Наступила пауза. Сложное решение. И я склонялся к тому, что нельзя отрицать вероятность ловушки.
— Головой будешь отвечать за то, что твоя задумка пройдет? — жестко спросил я.
— Буду! — решительно ответил Пожарский.
Теперь он и мне не оставлял вариантов. Если я стану настаивать, что нельзя помогать тем воинам, что сейчас обратили свои сабли против противника, то могу взрастить в будущем заговор. Ну и потерять человека, который мне нужен для многих свершений.
— Открывай ворота и готовь войска! — сказал я, вглядываясь в разворачивающиеся события.
Сражение заканчивалось, и те, кто решил бунтовать в стане врага, умирали. Лишь менее сотни человек в итоге побежали в сторону крепости, которая открывала свои единственные ворота внутри граней звезды.
Вновь наступила пауза. Противнику нужно было осознать, что произошло и, как минимум убрать тела погибших, иначе будут препятствия для конницы. Те же, кто прибежал в крепость, сами стали на колени и склонили головы. Да, это были люди, кто и ранее собирался развернуться против поляков. Узнали об этом после, пока же было не до того, чтобы вести расспросы. Прибежавших разоружили и отвели вглубь крепости.
Вдали все еще раздавались пушечные выстрелы. Значит, другие крепости держатся.
— Вода! — раздались крики. — И я сам увидел, как быстро расширяется русло Угры.
Теперь брод стал непроходимым. Не вовремя!
— Вперед! — прокричал Пожарский и повел в, казалось, не подготовленную атаку семь сотен рубак.
На нашей стороне реки оставались не менее пяти сотен пехоты и тысячи полторы конных. Казалось, что совершается ошибка, конница неприятеля, которая оцепила крепость, могла смять отряд защитников, но тут заработала артиллерия. Вражеская кавалерия была в зоне поражения, но по ней пока не стреляли. Как только из ворот с криками выбежали русские ратники, пушкари стали массово уничтожать конных, не щадя ни коней, ни, тем более, людей. Отсутствие огня артиллерии создало впечатление у врага, что его и не может быть.
— Дозвольте! — взмолился Тео Белланди, командир сводного гвардейского отряда.
— Дозволяю! — сказал я, отправляя гвардию в бой.

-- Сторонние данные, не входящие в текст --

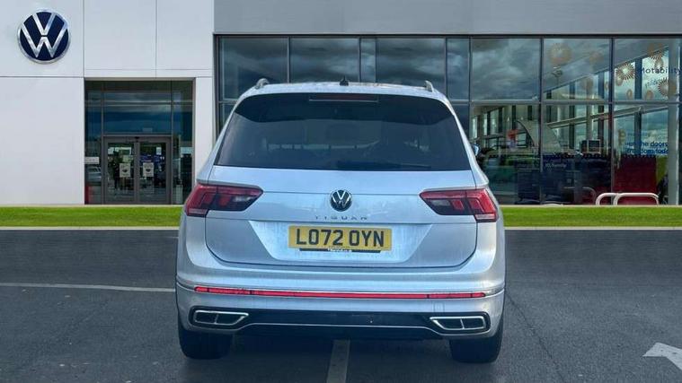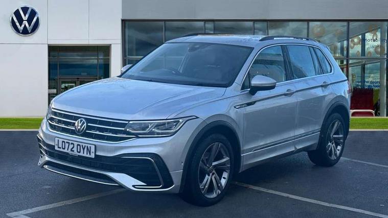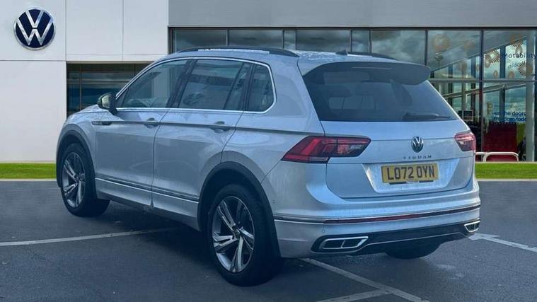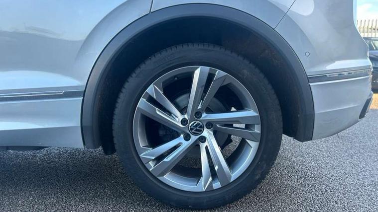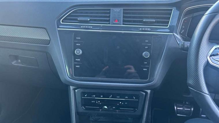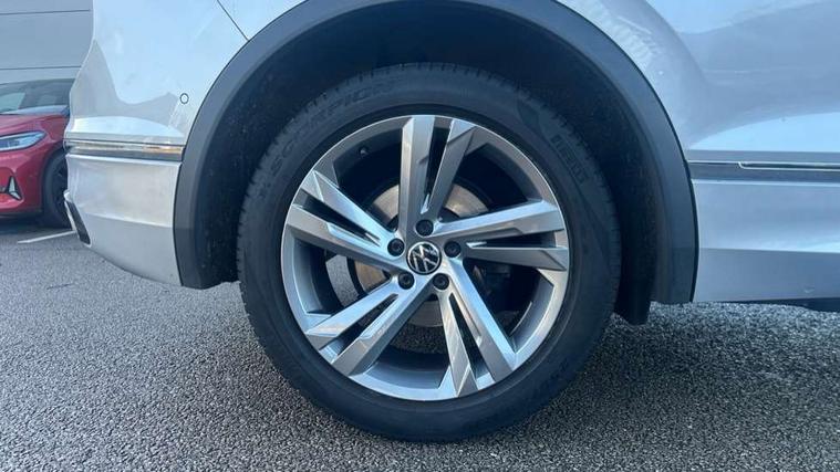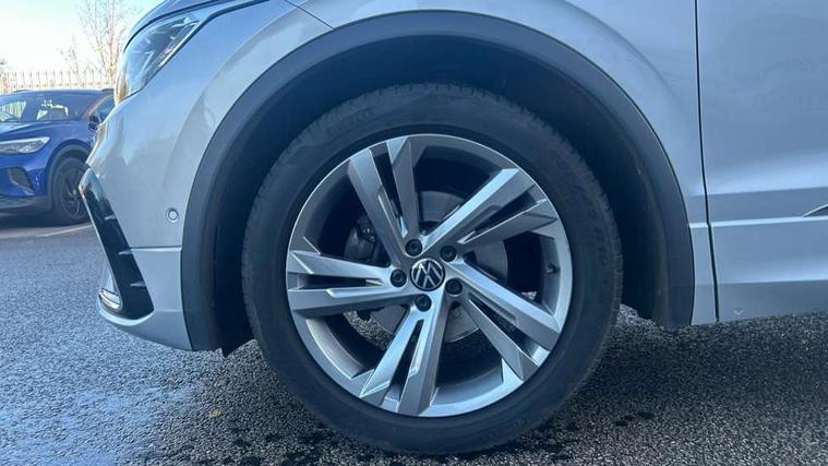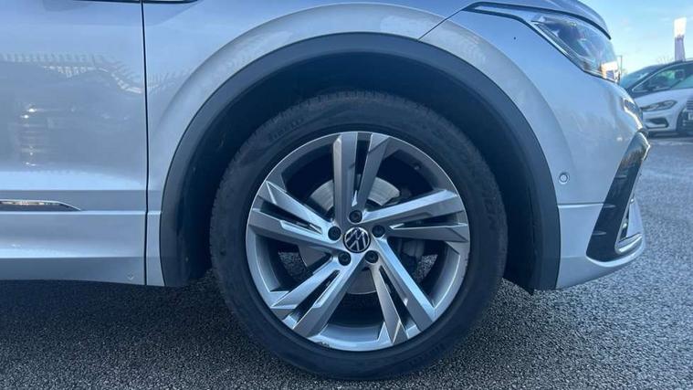 Adaptive cruise control ACC stop and go including speed limiter, App-Connect incl. App-Connect Wireless for Apple CarPlay and Android Auto, Bluetooth phone integration system, Comfort drive travel assist, Digital cockpit pro, Driver alert system, Driver profile selection, Dynamic road sign display, eCall emergency call system, Electromechanical speed sensitive power steering, Emergency assist, Front and rear parking distance sensors, Instrument cluster mph speedometer Great Britain, Lane keeping system Lane Assist, Lights on warning, Multifunction front facing camera, Outside temperature display, Premium multifunction display with multi colour display, Preparation for subsequent activation Navigation feature Discover Media includes Streaming and Internet, Remote control boot opening, Rev counter, Service interval indicator, Speed limit display, Start/stop system with regenerative braking, Tailgate/trunk lid unlocking from outside, Trip computer, Warning sound and light for doors and tailgate open, Battery regeneration during braking, Sports suspension, 8 Speakers, Digital radio reception DAB+, Diversity antenna for FM reception, Radio, Auto dimming interior rear view mirror, Automatic headlight control system, Body colored bumpers in R-Line style, Body colored exterior mirror housings, Body colour door handles, Chrome moldings on the side windows, Coming/leaving home lighting function, Dynamic headlight range control, Front and rear electric windows, Heated rear window, High level 3rd brake light, Laminated safety glass windshield, heat and sound insulating, LED headlamps with LED separate daytime running light and dynamic cornering light, LED rear combination lamps, LED rear number plate lights, License plate carrier in front and rear, Poor weather light and cornering light, Power adjustable, folding and heated door mirrors with surround lighting, front passenger exterior mirror lowering function, Privacy glass for rear side windows and rear window, R Line body kit, R Line side sills, Rain sensor, Rear exhaust tailpipe, Rear fog lamp, Rear side wing doors, Rear spoiler in R style, Rear windscreen washer and wiper with interval delay, Side and rear windows in heat insulating glass, Trailer Stability Programme, Unique R Line badging, Windscreen wipers/ intermittent wipe + 4 position delay, 12V outlet in center console rear and in luggage compartment, 12V outlet in front and tray, 2 LED front reading lights, 2 LED rear reading lights, 3 bench rear seats in 2nd row, 3 rear headrests, Air Care Climatronic 3 zone automatic climate control with enhanced air filter and controls in the rear, Art Velours greyson sports cloth upholstery, Backrest release for left front seat, Black headlining, Brushed stainless steel pedals and footrest, Carpet mats in front and rear with decorative stitching in Gray, Climate control unit rear with touch function, Door and side trim panel in foam film, insert in leatherette, Driver + front passenger lumbar support, Front footwell illumination, Front scuff plates in aluminum with R-Line logo, Front seats head restraints (x-adjustment), Height adjustable front seats, Height/reach adjust steering wheel, Isofix Preparation 2 Rear child seats, Leather gear knob, Rear bench seat asymetrically split folding, longitudinally movable and folding with load-through hatch and center armrest, Remote unlocking for rear seat backrest, Single front passenger seat, Sun visors with illuminated vanity mirrors, Top front comfort seats, Winter pack - Tiguan, 3 point seat belt for centre rear seats, 3 point seat belts with seat belt pretensioners for the outer rear seats, Curtain airbags for front and rear passengers, Driver/Front Passenger airbags, Drivers knee airbag, Electronic parking brake with auto hold, Electronic Stability Control with driver steering recommendation, ABS, ASR, EDL, EDTC and trailer stabilization, Front assist with autonomous emergency braking (for Adaptive Cruise Control ACC up to 130 mph), Front disc brakes, Front passenger airbag deactivation, Front side airbags, Height adjustable front 3 point seatbelts + pretensioners, Manual child proof rear door locks, Pedestrian monitoring system, Proactive passenger protection system in combination with front assist, Rear disc brakes, Two tone horn, Tyre pressure loss indicator, Warning sound and light for front seat belts if unfastened, Warning triangle, Anti theft alarm system with interior monitoring, backup horn and towing protection, Anti theft wheel bolts, Electronic engine immobiliser, Keyless locking and starting system keyless access with safelock, Chrome elements on the mirror switch power window switches and door pulls, Decorative inserts Carbon Gray for dashboard and front door trim panels, Interior door handle in matte chrome, 19" Valencia alloy wheels with AirStop tyres, Tool kit, Tyre mobility kit Includes 12V compressor and tyre sealant,

Я смотрел, как люди неистово рубят, колют, бьют, кусают друг друга. Не ты, значит тебя. Нет рыцарских законов, по которым воины разделились бы попарно и дрались. Это была свалка, где лучший вариант убить врага — это подкрасться сзади и рубануть исподтишка. Никто не будет думать о благородстве, только выжить самому и забрать жизнь у другого. В таких ситуациях часто выигрывает тот, кто сильнее духом, ну и умеет воевать в группах, в строе. Пока строя не было ни у нас, ни у противника. Но враг был частью деморализован. Часть польской пехоты оказалась в воде, некоторых смыло потоком.
— Тум-турум-тум, — раздавался барабанный бой и в колонах по пять человек, а больше между валами крепости не помещалось, стали выходить гвардейцы.
Я перестал смотреть на то, как развивается драка, где впереди всех сражался Пожарский, мощный мужик и саблей машет изрядно. Правда, более, как оглоблей, но, что было удивительным, эффективно. Теперь же все мое внимание было направлено на гвардейцев. Разница в тактике ведения боя была очевидной. И это радовало. Белланди командовал, его приказы дублировались свистками и барабанным боем и вот уже… каре? Все правильно, это я вначале не заметил, что часть конных неприятеля вырвалась из огненной ловушки и устремилась к более понятной цели — русским пешцам. На пути всадников уже встало первое в этом мире русское каре.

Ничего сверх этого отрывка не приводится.